Thanks all for your help diagnosing and fixing these issues! I decided to go with the bit twiddling solution rather than the corrected type punning solution because it seems simpler overall to not have to think about endianness.

llvm/lib/Target/WebAssembly/WebAssemblyISelLowering.cpp
1589–1602

This is the only part that has changed from the previous revision.

llvm/lib/Target/WebAssembly/WebAssemblyISelLowering.cpp
1589–1590

MSVC doesn't work with the parens even with the extra braces.

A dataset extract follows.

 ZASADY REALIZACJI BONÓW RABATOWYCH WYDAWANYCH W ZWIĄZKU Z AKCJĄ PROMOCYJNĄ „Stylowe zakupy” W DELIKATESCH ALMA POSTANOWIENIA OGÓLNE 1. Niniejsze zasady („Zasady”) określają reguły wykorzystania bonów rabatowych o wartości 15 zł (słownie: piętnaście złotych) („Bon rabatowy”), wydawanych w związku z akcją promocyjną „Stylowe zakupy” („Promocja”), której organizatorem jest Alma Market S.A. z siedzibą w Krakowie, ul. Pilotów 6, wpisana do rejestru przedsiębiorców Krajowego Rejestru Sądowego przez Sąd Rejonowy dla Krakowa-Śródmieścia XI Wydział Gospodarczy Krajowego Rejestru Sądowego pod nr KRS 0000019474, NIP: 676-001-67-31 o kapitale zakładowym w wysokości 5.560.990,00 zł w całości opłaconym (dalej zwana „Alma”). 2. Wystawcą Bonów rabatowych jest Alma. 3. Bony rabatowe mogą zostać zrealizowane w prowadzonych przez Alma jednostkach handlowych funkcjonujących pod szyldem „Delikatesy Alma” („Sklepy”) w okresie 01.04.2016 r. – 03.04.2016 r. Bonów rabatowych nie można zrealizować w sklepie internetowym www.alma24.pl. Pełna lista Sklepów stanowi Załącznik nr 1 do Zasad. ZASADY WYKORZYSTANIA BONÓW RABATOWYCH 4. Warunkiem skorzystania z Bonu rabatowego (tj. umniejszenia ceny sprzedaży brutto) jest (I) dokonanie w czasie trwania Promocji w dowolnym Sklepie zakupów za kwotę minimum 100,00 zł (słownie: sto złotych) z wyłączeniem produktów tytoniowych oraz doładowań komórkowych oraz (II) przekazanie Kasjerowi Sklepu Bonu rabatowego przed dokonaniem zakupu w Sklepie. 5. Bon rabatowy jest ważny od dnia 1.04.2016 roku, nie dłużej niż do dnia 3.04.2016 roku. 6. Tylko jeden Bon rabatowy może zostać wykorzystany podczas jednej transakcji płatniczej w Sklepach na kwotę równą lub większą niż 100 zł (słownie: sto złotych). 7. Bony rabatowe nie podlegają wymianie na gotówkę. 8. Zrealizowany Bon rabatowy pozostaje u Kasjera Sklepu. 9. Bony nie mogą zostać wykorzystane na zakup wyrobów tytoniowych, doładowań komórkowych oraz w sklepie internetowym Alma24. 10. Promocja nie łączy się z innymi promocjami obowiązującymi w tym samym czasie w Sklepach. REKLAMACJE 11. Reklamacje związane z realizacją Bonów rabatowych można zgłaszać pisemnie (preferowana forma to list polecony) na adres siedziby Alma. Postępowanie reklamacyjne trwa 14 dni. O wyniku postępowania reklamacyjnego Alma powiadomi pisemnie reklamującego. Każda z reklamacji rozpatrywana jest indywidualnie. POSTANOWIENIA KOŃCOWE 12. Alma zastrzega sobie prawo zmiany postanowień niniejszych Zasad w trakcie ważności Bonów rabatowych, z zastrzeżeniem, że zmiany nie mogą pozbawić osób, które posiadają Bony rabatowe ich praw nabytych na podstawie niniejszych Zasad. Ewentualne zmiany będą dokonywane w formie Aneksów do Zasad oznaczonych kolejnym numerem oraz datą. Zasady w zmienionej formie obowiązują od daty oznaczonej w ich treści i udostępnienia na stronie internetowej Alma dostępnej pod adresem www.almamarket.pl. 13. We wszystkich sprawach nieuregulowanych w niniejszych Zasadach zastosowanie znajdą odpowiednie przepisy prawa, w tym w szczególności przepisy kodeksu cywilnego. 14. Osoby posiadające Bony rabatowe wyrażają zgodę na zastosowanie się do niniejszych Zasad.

dweber added inline comments.Oct 2 2020, 9:16 PM
llvm/lib/Target/WebAssembly/WebAssemblyISelLowering.cpp
1589–1590

Right. It shouldn't have parens.

llvm/lib/Target/WebAssembly/WebAssemblyISelLowering.cpp
1600

Can LaneBits be 64?

llvm/lib/Target/WebAssembly/WebAssemblyISelLowering.cpp
33

We can remove this now, I think.

tlively updated this revision to Diff 295959.Oct 2 2020, 9:49 PM
  • Make initializations even more MSVC-friendly
tlively marked 2 inline comments as done and an inline comment as not done.Oct 2 2020, 9:50 PM
tlively added inline comments.
llvm/lib/Target/WebAssembly/WebAssemblyISelLowering.cpp
1600

Yes, if the vector is already an v2i64.

I can confirm that at least llvm/test/CodeGen/WebAssembly/simd-build-vector.ll is good on AIX (big-endian Power) with this patch (at least with the maskTrailingOnes<uint64_t>(LaneBits)) change.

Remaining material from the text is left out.